• _Exercise brief_
Nothing but text lines should be duplicated: start with the first line of the listing below and stop after the line holding "To adjust this", omitting pictures.

• _Supplied information_

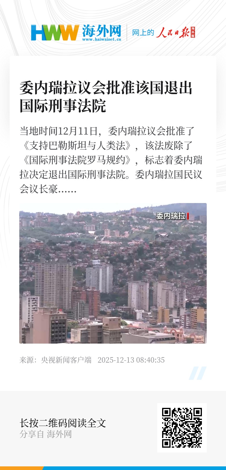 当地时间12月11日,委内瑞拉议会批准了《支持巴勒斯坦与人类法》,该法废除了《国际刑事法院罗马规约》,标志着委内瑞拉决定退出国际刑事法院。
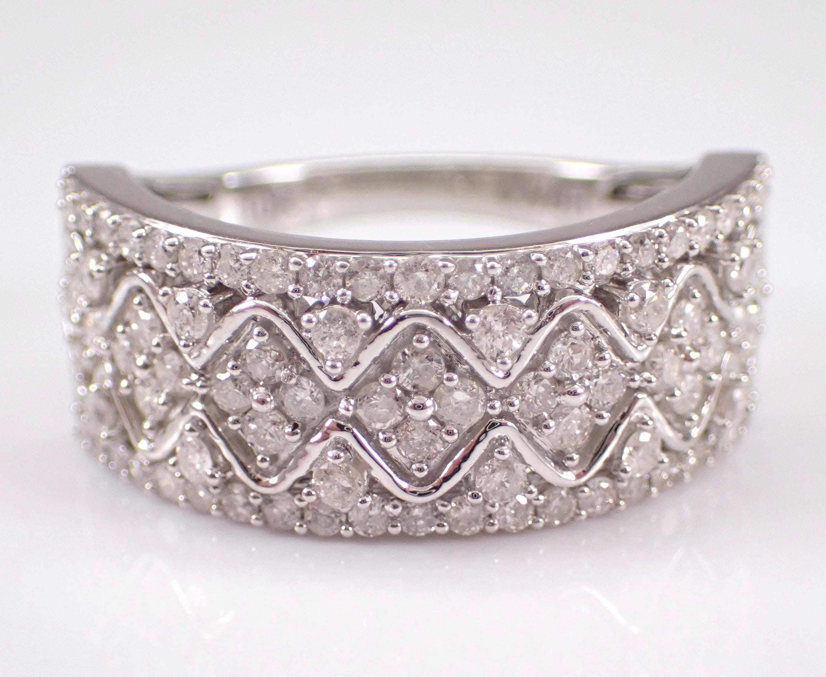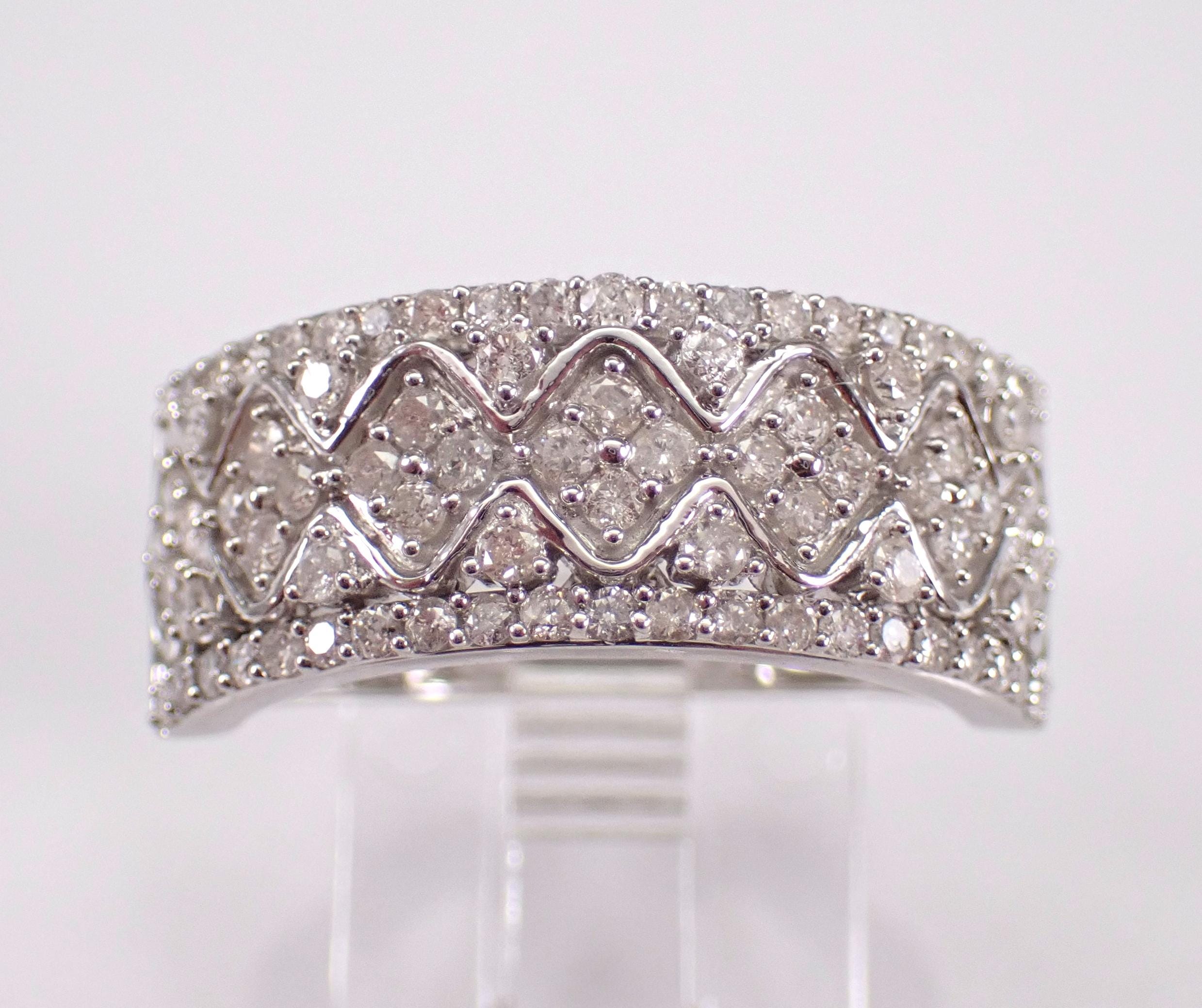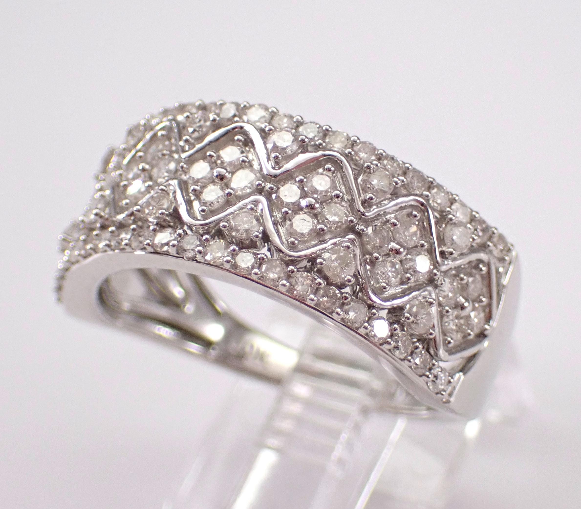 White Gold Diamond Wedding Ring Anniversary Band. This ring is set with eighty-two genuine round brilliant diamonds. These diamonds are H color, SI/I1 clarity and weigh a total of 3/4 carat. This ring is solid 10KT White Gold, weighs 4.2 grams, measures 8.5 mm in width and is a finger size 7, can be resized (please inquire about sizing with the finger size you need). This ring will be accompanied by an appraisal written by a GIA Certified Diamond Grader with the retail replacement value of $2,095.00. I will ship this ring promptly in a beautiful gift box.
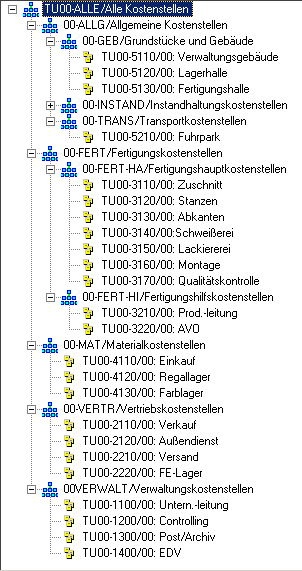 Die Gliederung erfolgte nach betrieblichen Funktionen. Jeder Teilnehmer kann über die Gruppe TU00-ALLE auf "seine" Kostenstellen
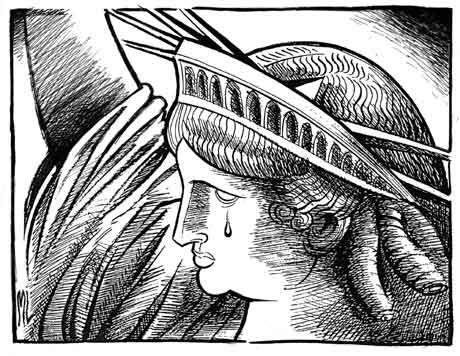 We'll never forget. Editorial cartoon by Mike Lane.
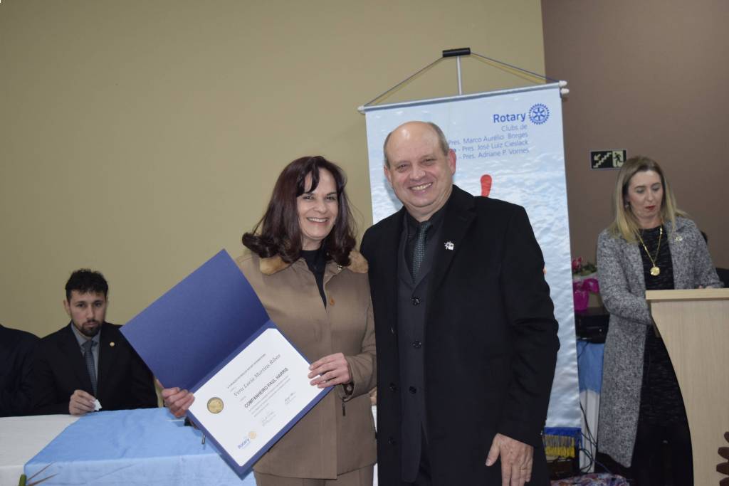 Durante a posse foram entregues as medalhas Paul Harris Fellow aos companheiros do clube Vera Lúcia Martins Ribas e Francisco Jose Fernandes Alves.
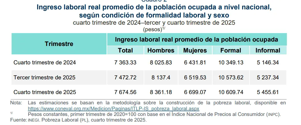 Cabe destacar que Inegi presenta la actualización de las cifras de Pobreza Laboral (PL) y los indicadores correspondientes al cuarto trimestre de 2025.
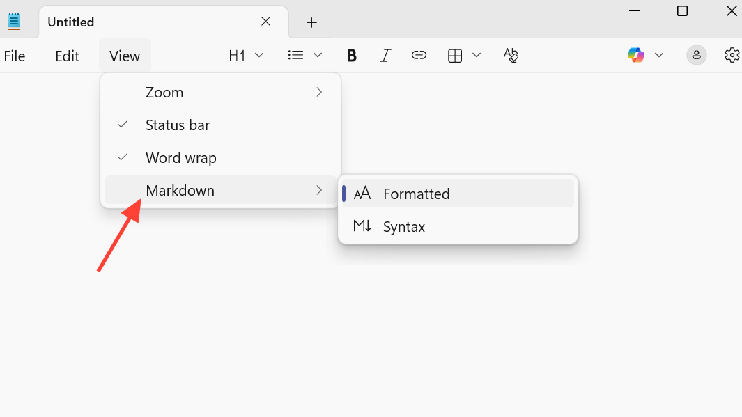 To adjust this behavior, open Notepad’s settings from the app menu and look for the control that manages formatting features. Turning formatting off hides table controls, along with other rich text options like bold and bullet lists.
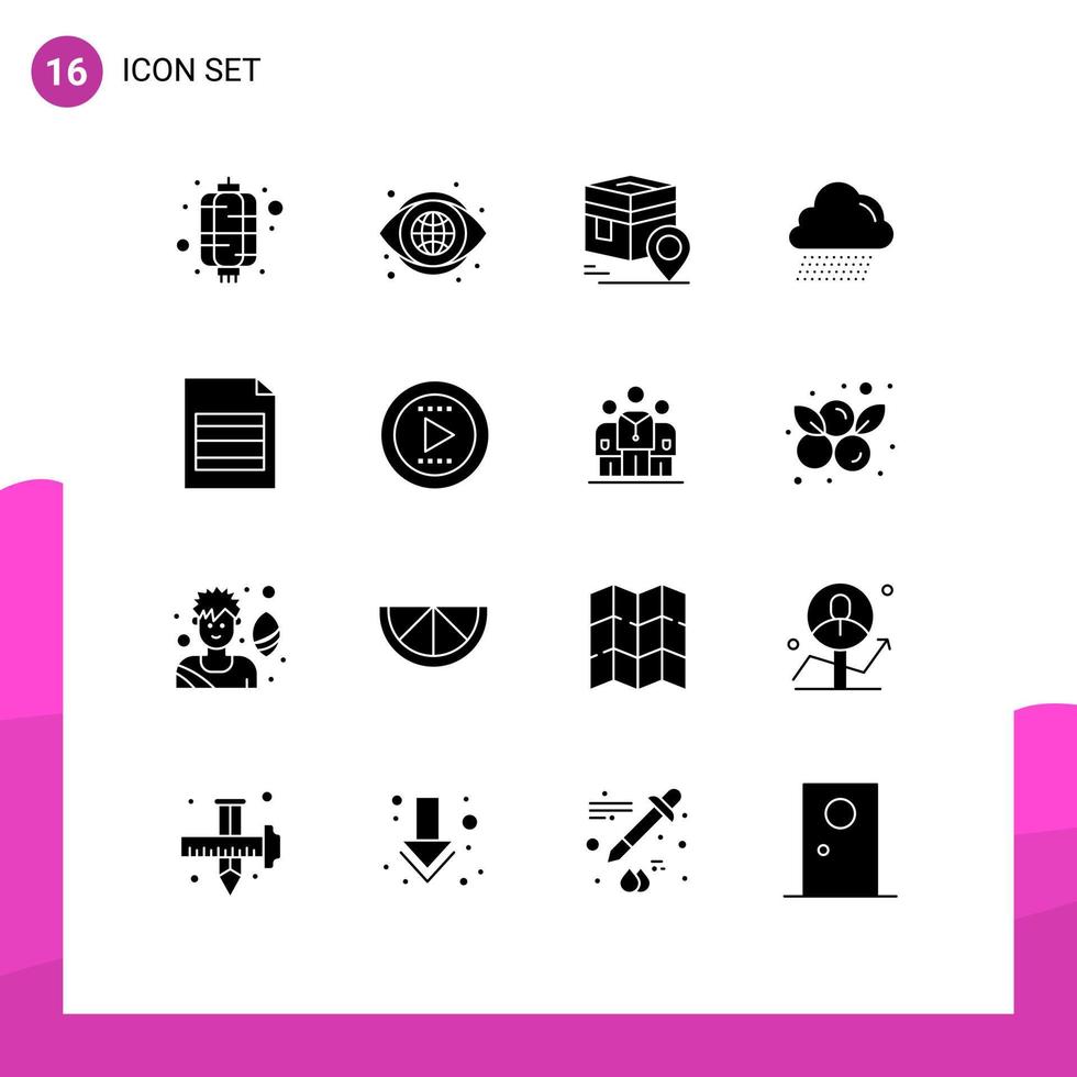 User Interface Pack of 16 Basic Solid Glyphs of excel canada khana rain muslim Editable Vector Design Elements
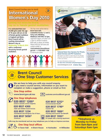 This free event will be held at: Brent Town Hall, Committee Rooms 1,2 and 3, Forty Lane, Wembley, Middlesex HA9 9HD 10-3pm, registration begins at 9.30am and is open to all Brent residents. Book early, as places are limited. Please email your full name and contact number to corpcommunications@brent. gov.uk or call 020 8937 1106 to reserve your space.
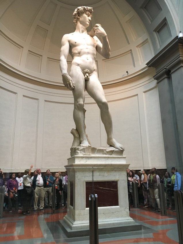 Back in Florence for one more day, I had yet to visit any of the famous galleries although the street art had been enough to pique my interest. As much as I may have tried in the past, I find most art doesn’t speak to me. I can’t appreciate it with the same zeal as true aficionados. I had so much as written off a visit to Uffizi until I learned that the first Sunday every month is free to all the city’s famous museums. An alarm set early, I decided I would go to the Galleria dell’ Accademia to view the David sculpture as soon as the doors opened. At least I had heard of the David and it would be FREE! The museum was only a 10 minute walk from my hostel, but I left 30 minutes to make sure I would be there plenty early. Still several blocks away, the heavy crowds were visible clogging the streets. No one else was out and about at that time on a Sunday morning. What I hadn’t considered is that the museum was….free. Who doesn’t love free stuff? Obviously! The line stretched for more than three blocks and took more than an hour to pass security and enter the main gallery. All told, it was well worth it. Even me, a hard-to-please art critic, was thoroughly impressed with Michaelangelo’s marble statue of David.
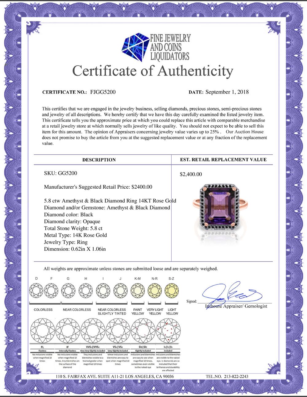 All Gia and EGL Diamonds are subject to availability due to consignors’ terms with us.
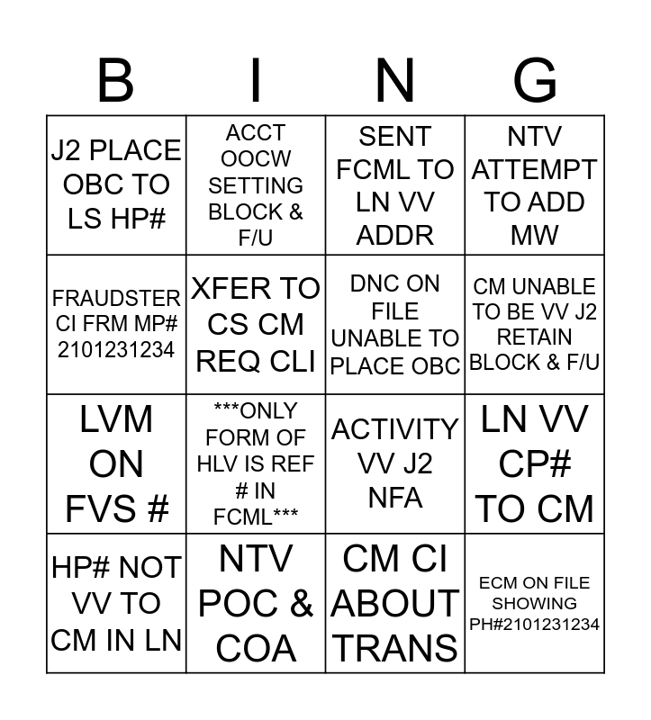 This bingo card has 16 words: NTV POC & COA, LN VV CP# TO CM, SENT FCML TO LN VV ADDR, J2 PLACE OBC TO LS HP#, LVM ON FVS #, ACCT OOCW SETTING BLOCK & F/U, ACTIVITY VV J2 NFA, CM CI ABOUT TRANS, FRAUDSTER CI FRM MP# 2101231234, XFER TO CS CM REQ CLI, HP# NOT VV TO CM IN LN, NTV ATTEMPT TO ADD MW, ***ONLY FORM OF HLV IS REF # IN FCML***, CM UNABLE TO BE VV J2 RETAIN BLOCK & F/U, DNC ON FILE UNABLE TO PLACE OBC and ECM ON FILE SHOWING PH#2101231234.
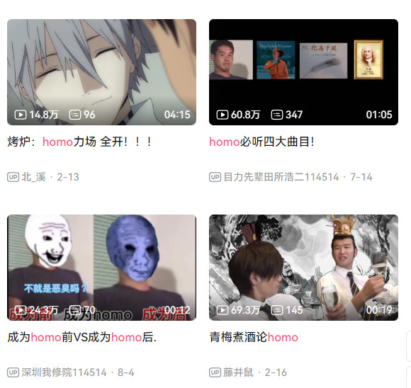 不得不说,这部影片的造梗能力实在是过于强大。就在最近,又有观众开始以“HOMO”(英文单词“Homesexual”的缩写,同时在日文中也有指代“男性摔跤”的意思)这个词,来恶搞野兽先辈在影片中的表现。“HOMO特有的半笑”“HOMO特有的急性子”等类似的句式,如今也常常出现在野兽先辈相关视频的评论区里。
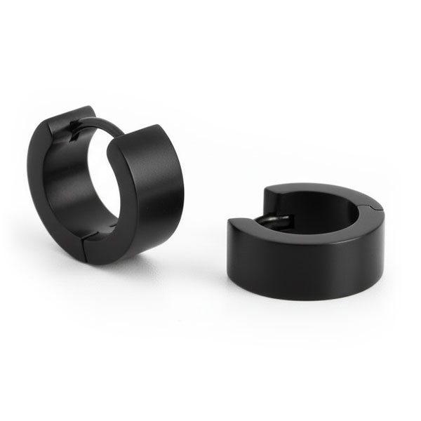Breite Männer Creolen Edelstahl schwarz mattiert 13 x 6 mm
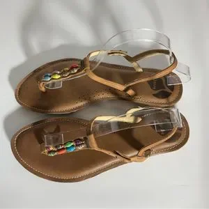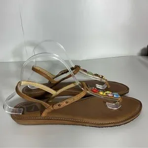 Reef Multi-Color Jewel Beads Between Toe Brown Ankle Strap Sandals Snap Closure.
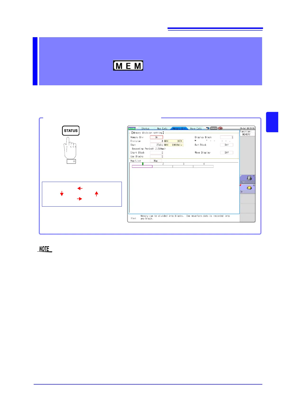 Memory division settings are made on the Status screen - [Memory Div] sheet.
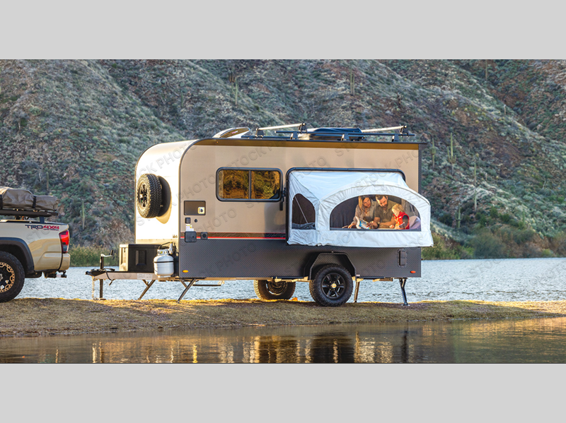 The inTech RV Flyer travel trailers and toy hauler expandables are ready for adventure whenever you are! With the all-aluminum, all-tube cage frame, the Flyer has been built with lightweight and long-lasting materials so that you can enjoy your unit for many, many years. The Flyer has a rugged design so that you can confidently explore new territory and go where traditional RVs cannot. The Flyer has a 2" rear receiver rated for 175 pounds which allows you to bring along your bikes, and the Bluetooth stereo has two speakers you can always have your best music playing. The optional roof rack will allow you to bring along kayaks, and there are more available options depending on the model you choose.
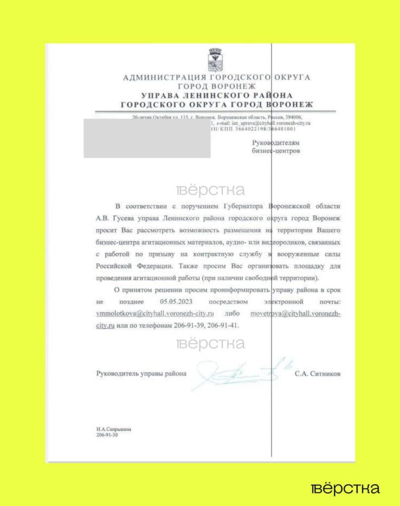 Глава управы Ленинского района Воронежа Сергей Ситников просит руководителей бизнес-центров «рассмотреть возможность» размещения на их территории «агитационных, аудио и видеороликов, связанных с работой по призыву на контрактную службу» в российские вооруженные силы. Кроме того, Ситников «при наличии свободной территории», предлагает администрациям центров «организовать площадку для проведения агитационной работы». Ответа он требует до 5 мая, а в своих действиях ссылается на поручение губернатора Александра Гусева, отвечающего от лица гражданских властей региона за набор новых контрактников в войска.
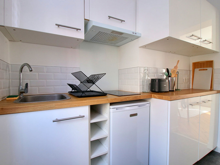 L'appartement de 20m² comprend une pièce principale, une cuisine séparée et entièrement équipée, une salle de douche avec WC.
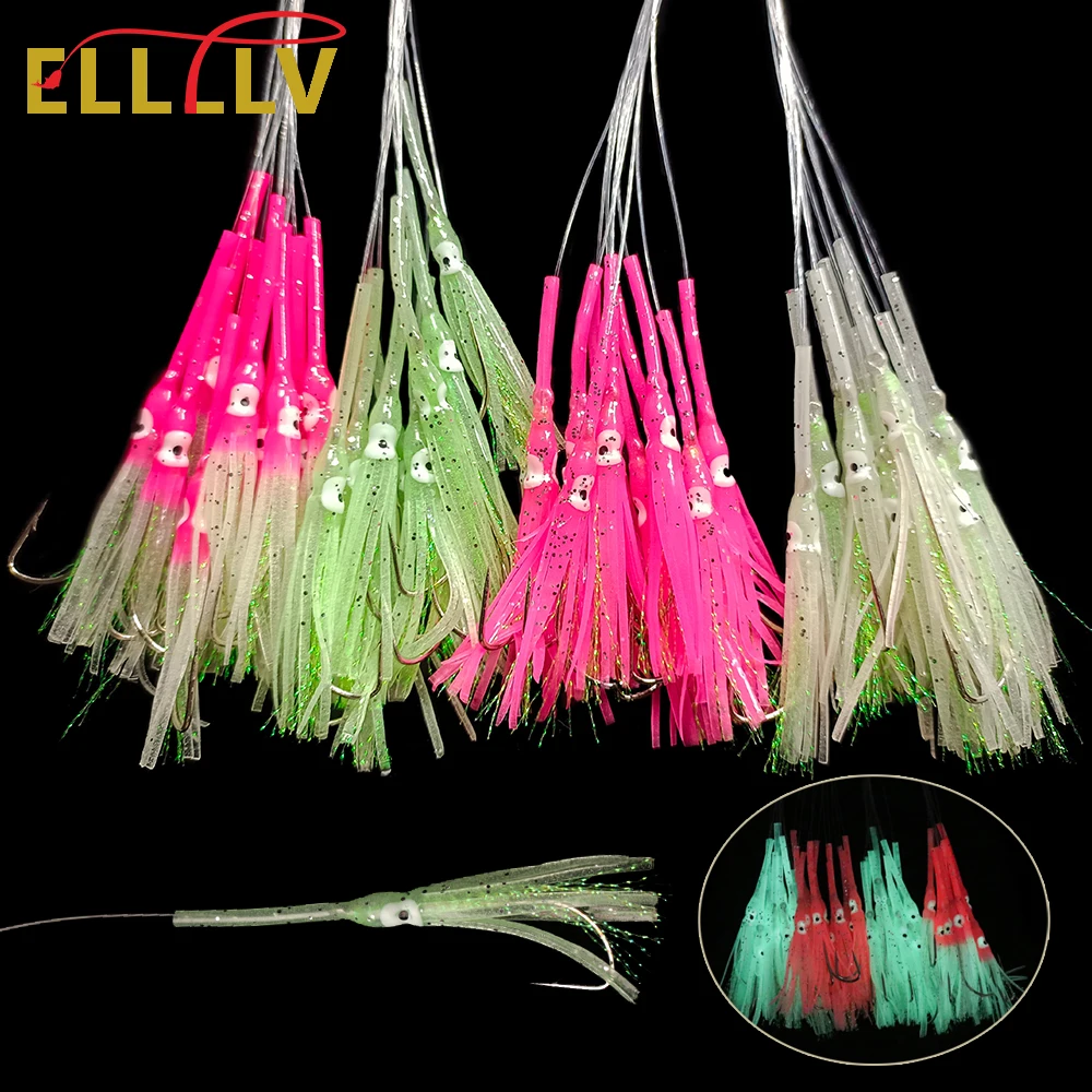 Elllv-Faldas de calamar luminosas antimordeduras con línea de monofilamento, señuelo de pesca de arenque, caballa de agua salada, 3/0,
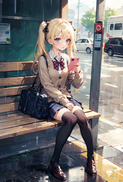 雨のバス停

• _Answer_
 当地时间12月11日,委内瑞拉议会批准了《支持巴勒斯坦与人类法》,该法废除了《国际刑事法院罗马规约》,标志着委内瑞拉决定退出国际刑事法院。
 White Gold Diamond Wedding Ring Anniversary Band. This ring is set with eighty-two genuine round brilliant diamonds. These diamonds are H color, SI/I1 clarity and weigh a total of 3/4 carat. This ring is solid 10KT White Gold, weighs 4.2 grams, measures 8.5 mm in width and is a finger size 7, can be resized (please inquire about sizing with the finger size you need). This ring will be accompanied by an appraisal written by a GIA Certified Diamond Grader with the retail replacement value of $2,095.00. I will ship this ring promptly in a beautiful gift box.
 Die Gliederung erfolgte nach betrieblichen Funktionen. Jeder Teilnehmer kann über die Gruppe TU00-ALLE auf "seine" Kostenstellen
 We'll never forget. Editorial cartoon by Mike Lane.
 Durante a posse foram entregues as medalhas Paul Harris Fellow aos companheiros do clube Vera Lúcia Martins Ribas e Francisco Jose Fernandes Alves.
 Cabe destacar que Inegi presenta la actualización de las cifras de Pobreza Laboral (PL) y los indicadores correspondientes al cuarto trimestre de 2025.
 To adjust this behavior, open Notepad’s settings from the app menu and look for the control that manages formatting features. Turning formatting off hides table controls, along with other rich text options like bold and bullet lists.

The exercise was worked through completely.